### YOUR GOAL:
Within the data that follows, set down exactly the lines from the one containing "Le set Deli" through the one containing "Кольцо серебро 925", both ends included.

### RECORDED DATA:
--------------------
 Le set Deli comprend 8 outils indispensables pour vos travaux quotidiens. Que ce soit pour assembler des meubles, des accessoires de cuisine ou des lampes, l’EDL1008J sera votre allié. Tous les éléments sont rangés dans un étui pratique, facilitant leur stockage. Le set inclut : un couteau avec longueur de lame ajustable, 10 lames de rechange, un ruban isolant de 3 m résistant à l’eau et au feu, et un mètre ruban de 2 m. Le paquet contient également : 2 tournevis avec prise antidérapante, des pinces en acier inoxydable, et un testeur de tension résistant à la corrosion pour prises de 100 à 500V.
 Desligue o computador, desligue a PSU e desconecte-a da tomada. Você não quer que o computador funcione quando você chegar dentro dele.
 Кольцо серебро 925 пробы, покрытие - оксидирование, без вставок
--------------------
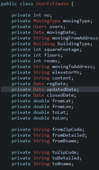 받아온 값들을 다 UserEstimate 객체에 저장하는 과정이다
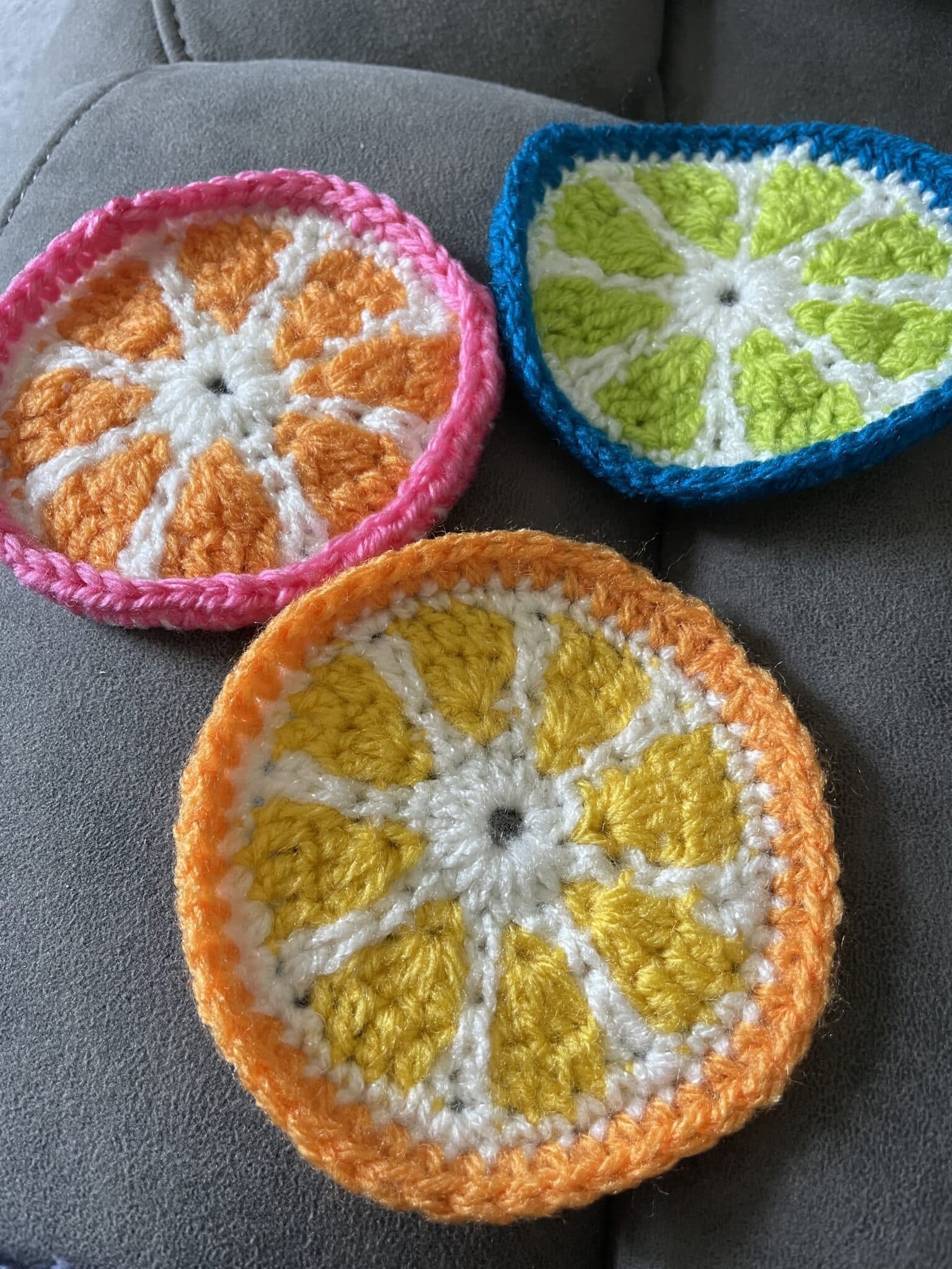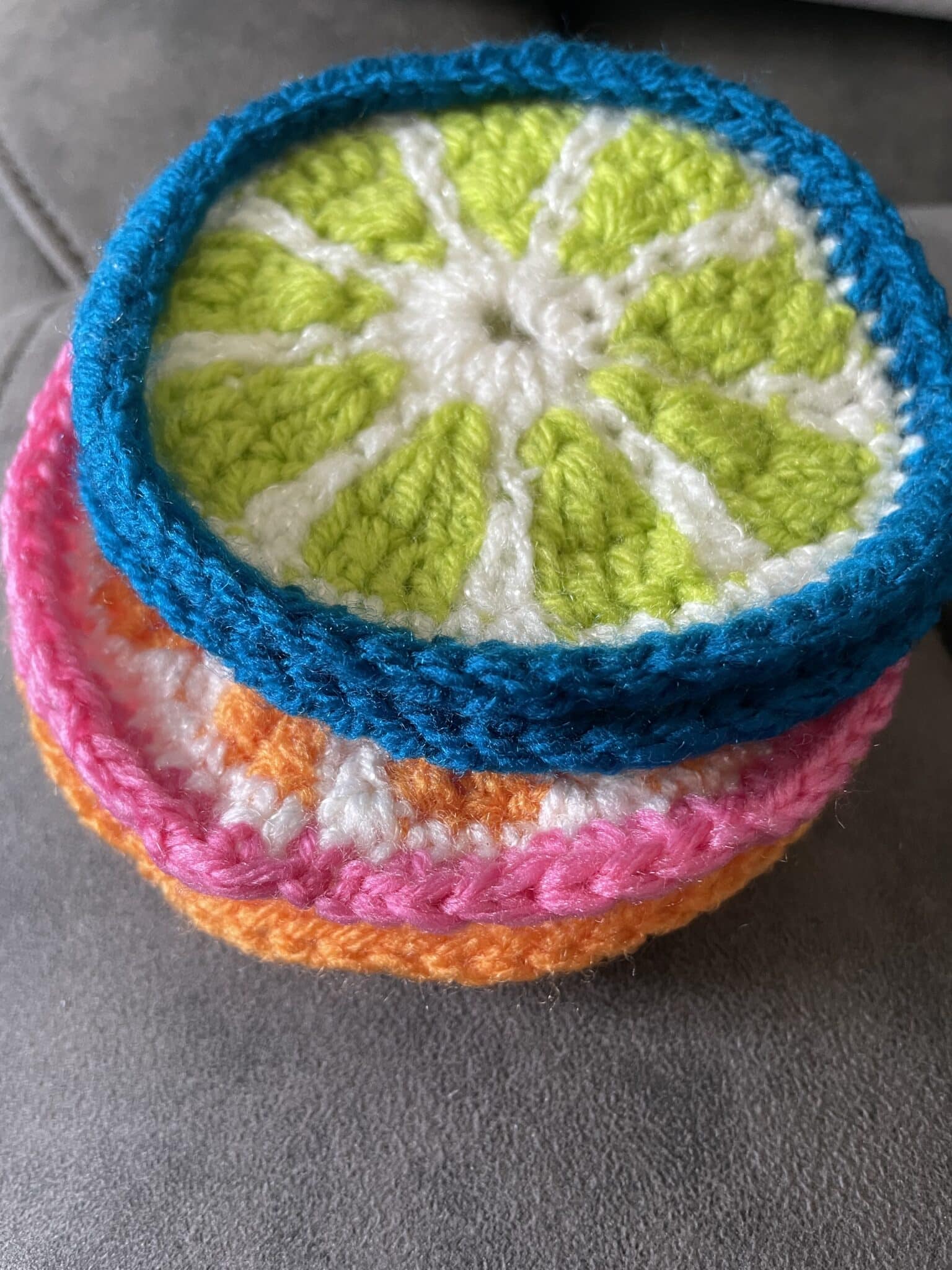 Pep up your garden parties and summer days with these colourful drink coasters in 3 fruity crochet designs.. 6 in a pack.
--------------------
### OUTPUT:
 Le set Deli comprend 8 outils indispensables pour vos travaux quotidiens. Que ce soit pour assembler des meubles, des accessoires de cuisine ou des lampes, l’EDL1008J sera votre allié. Tous les éléments sont rangés dans un étui pratique, facilitant leur stockage. Le set inclut : un couteau avec longueur de lame ajustable, 10 lames de rechange, un ruban isolant de 3 m résistant à l’eau et au feu, et un mètre ruban de 2 m. Le paquet contient également : 2 tournevis avec prise antidérapante, des pinces en acier inoxydable, et un testeur de tension résistant à la corrosion pour prises de 100 à 500V.
 Desligue o computador, desligue a PSU e desconecte-a da tomada. Você não quer que o computador funcione quando você chegar dentro dele.
 Кольцо серебро 925 пробы, покрытие - оксидирование, без вставок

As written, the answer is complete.